Ayah mengangguk. Ia tersenyum dengan mata yang berkaca-kaca. Aku jadi merasa bersalah. Selama ini aku egois tak
ingin membicarakan ibu bersama ayah. Ayah pasti tak punya tempat bercerita, ayah memendam semua kesedihannya
sendiri. Melihat ayah meneteskan air mata malam ini membuatku sadar bahwa aku tak sepatutnya menghindari
pembicaraan tentang ibu, sehingga ayah bisa bercerita kepadaku tanpa takut membuatku terluka. Seumur hidup, ini
adalah kedua kaliku melihat ayah menangis.
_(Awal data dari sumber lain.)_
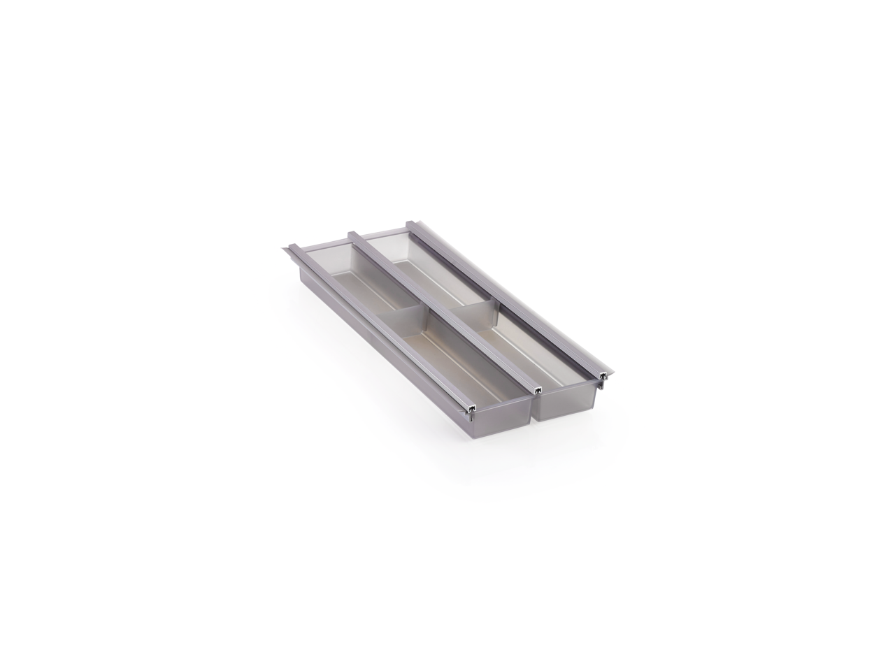 Besteckeinsatz. Für 300 mm Schubladenbreite. Weiß-transluzent mit Aluprofil sowie graphit-transluzent mit edelstahlfarbigem Profil.

Pertama kali ayah menangis adalah saat pemakaman ibu. Ia begitu histeris hingga tak ingin
meninggalkan malam ibu selama berjam-jam. Hingga aku harus menyusulnya bersama pamanku
dan membujuknya. Paman mengatakan bahwa ayah harus memikirkan aku, sehingga ayah harus
pulang dan menemaniku karena kami hanya mempunyai satu sama lain. Setelah dinasehati
seperti itu oleh paman, ayah pun tersadar dan langsung ikut pulang bersama kami. Selama ini
ayahku terlihat ceria dan kuat. Tapi aku tak tau bahwa aslinya ia adalah seorang suami yang
kehilangan cinta sejatinya, seorang ayah yang membesarkan putrinya seorang diri, seorang
kepala keluarga yang mengurus rumah seorang diri, seorang pegawai yang harus bekerja lembur
untuk mendapatkan upah tambahan.
Ayahku tak sekuat yang selama ini ia tunjukan kepadaku. Hal yang paling membuatku menyesal
adalah karena aku baru mengetahuinya sekarang. Aku baru menyadari semua itu setelah ayah
jatuh sakit. Pasti berat baginya menanggung semua itu seorang diri.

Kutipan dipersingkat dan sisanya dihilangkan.